Sin embargo, nuestras autoridades tienen a bien ignorar la existencia del pasaporte COVID, al imponer las mismas medidas restrictivas a toda la población, sea cual sea su nivel de riesgo. En vez de discriminar a unos pocos por su bien, discriminan a todos por el bien de esos pocos.
Cada vez más cerca de habituarnos a la soledad
No debería de ser así. La acumulación de datos estadísticos nos dirá si el porcentaje de casos graves entre jóvenes y vacunados es muy bajo o de veras mínimo. Pero desde ahora debería animarse a los de bajo riesgo a volver a la normalidad en sus relaciones sociales y familiares, a cultivar de nuevo la amistad, a la vida grupal.
De lo contrario, de seguir así, infundiendo temores en vez de minimizarlos, existe el riesgo de habituarse a la soledad relativa, lo que podemos llamar la instalación en el robinsonismo. Es muy cómodo, demasiado, habituarse para siempre a las restricciones de la vida social, sensatamente reducidas al mínimo en los primeros y más duros tiempos de la pandemia.

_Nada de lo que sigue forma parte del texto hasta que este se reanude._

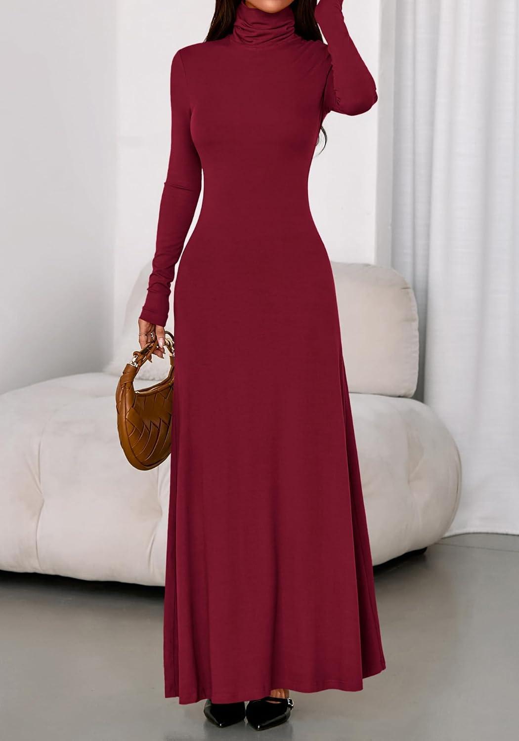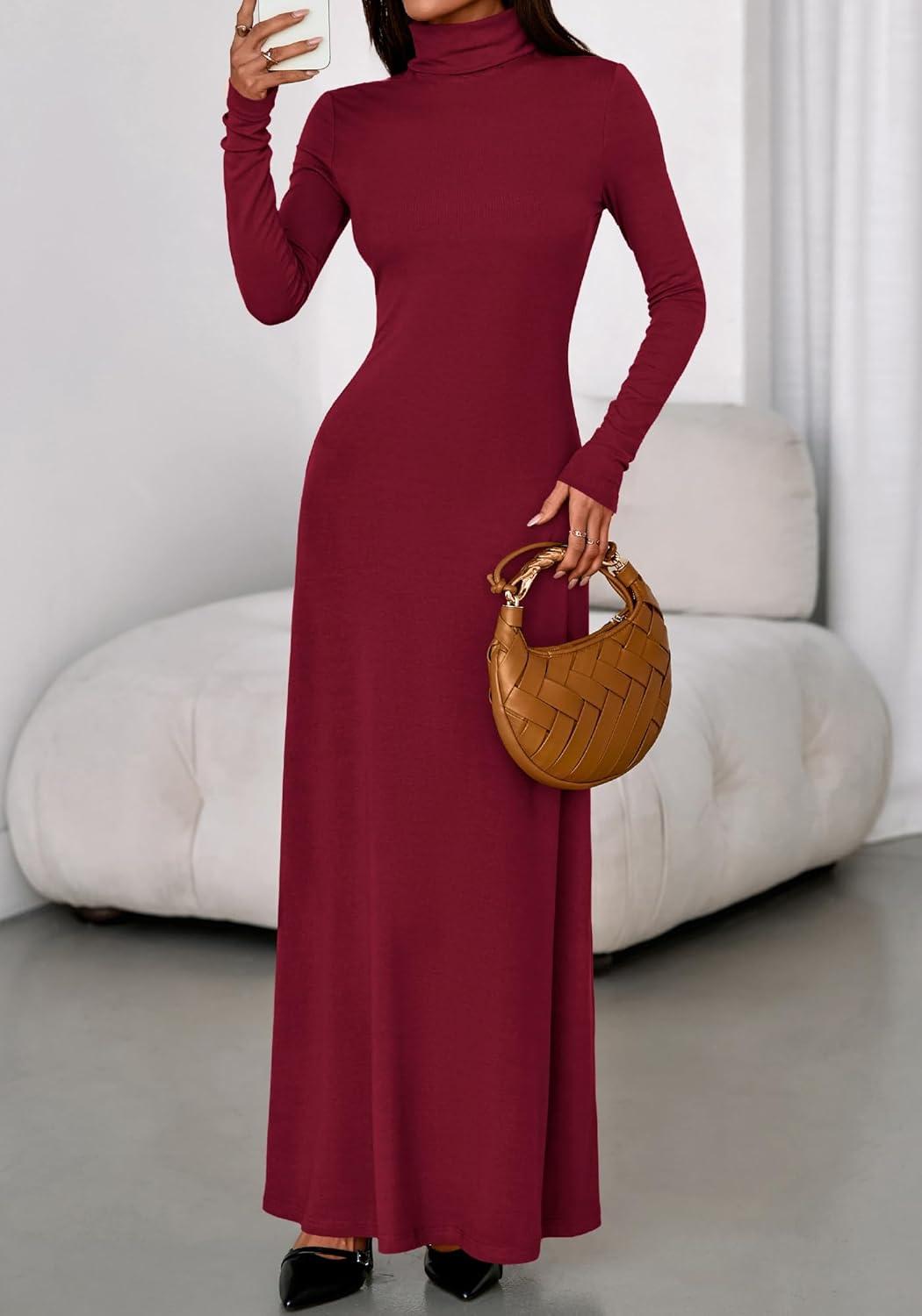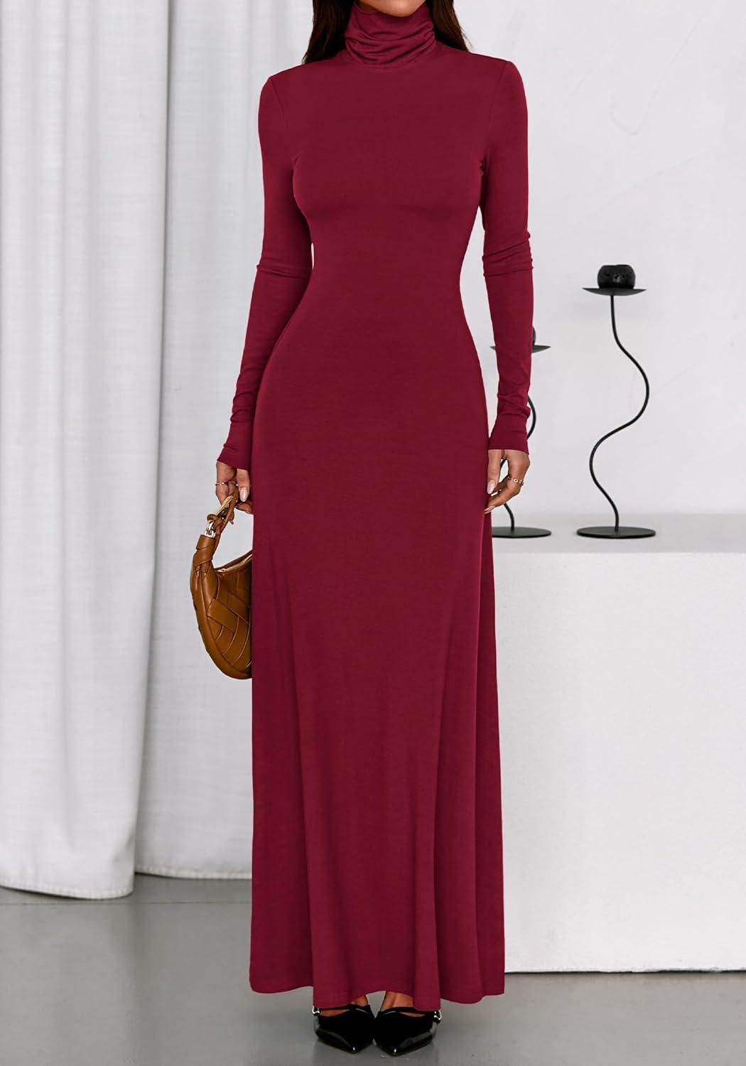 BTFBM Womens Dresses Long Sleeve Turtle Neck Stretchy Knit Long Maxi Semi Formal Party Fall Wedding Guest Dress 2025(Burgundy)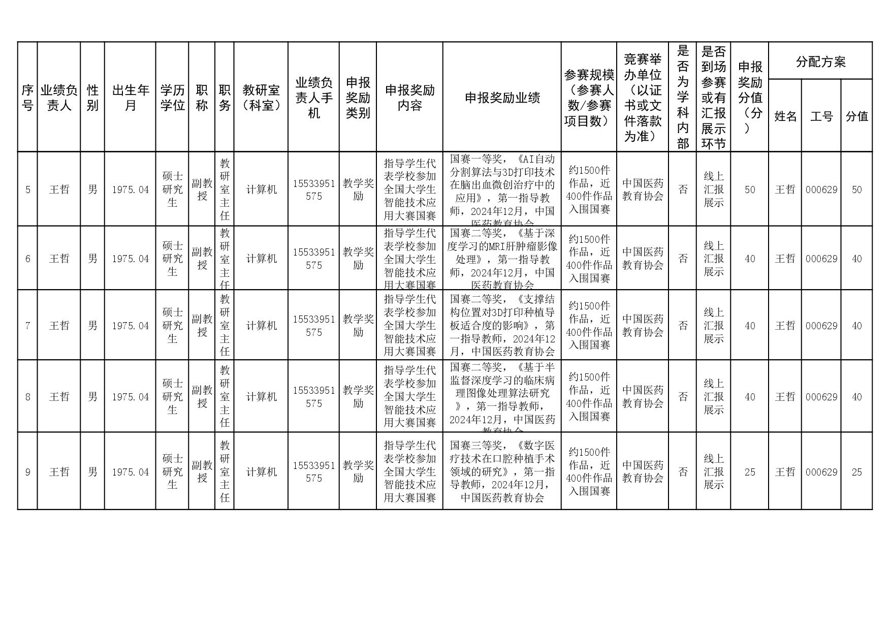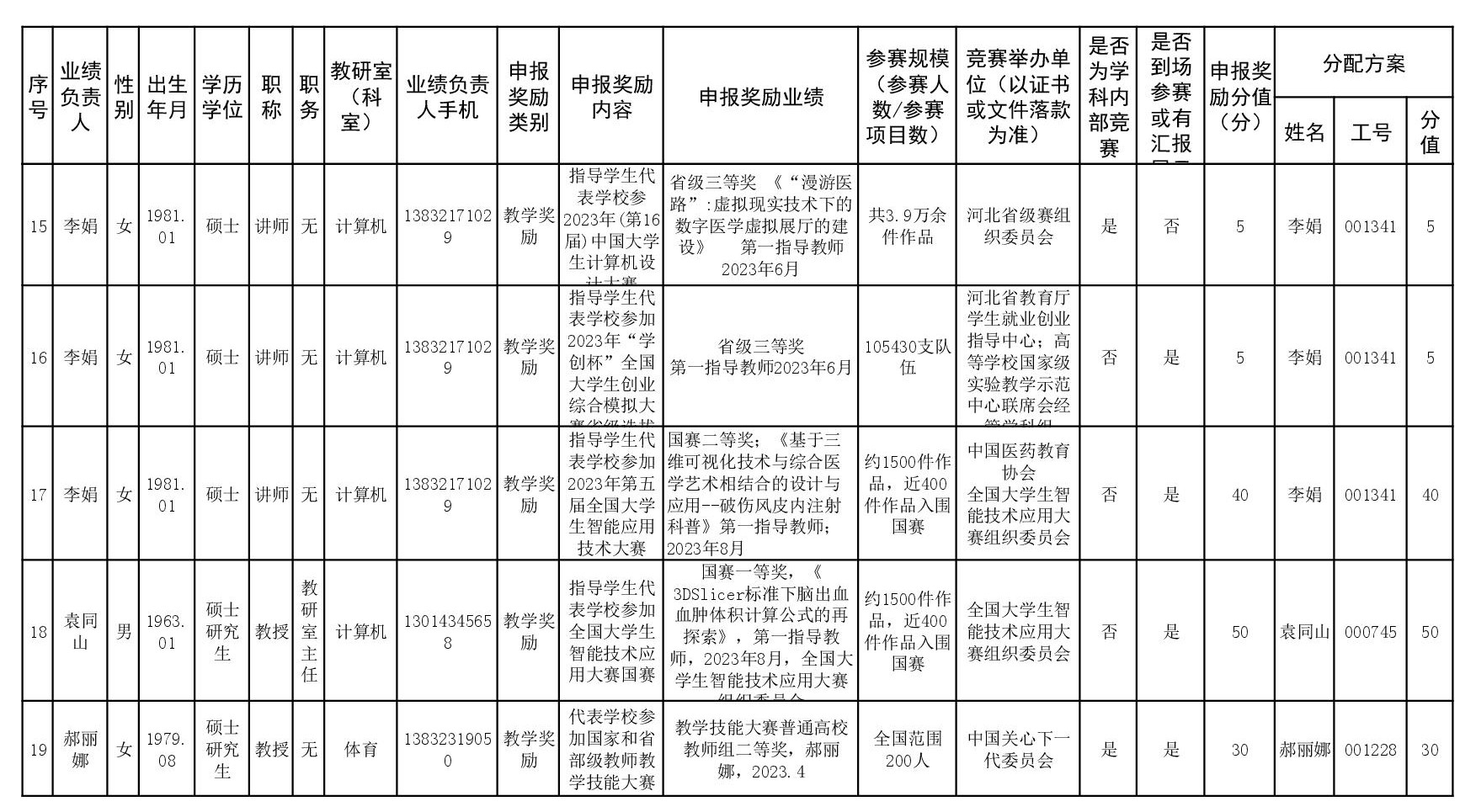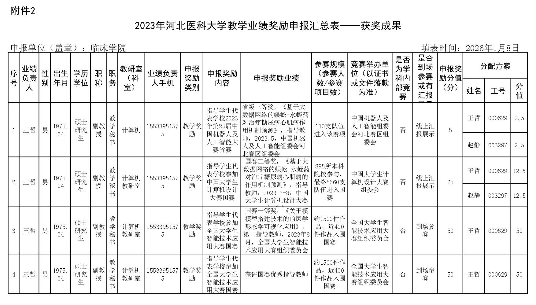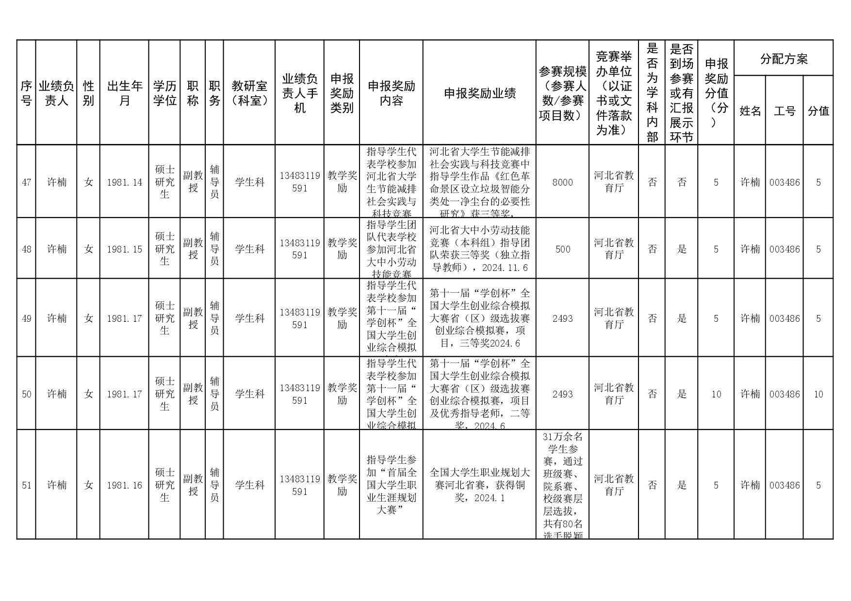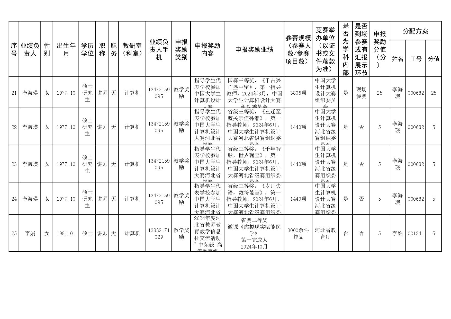 根据《51视频 关于申报2023、2024年度教学业绩奖励的通知》要求,经个人申报、教研室汇总、教务科初审,现将51视频 2023年和2024年教学业绩奖励申报情况进行公示,公示截止时间为2026年1月12日下午6点,在此期间,如对申报情况有异议,请与教务科联系,电话:0311-86265817、13473955641,逾期不再处理。

Una vez restringido el círculo, saltadas las reuniones familiares, y dejados de lado los encuentros entre amigos o compañeros, en muchísimos casos, tal vez en la mayoría a partir de edades algo maduras, es necesario esforzarse para volverlo a ampliar.
Una soledad cómoda
Las autoridades no se han dado cuenta. Pocos avisan del efecto negativo en las mentes y en el POB de la reducción permanente de vida social. Focalizando compulsivamente las miradas en las UCI dejamos de lado el combate contra la excesiva comodidad del robinsonismo.
Cuanto más tardemos en advertir de las graves secuelas de la dejadez robinsoniana tras la pandemia, más estaremos incitando a la población a mecerse en la tranquilidad de quienes saborean, junto a la soportable amargura de una soledad que no es tal, las mieles de no tener que interactuar con los demás, readaptarse a los demás, abandonar las pequeñas islas para vivir en la densidad e intensidad de las sociedades modernas.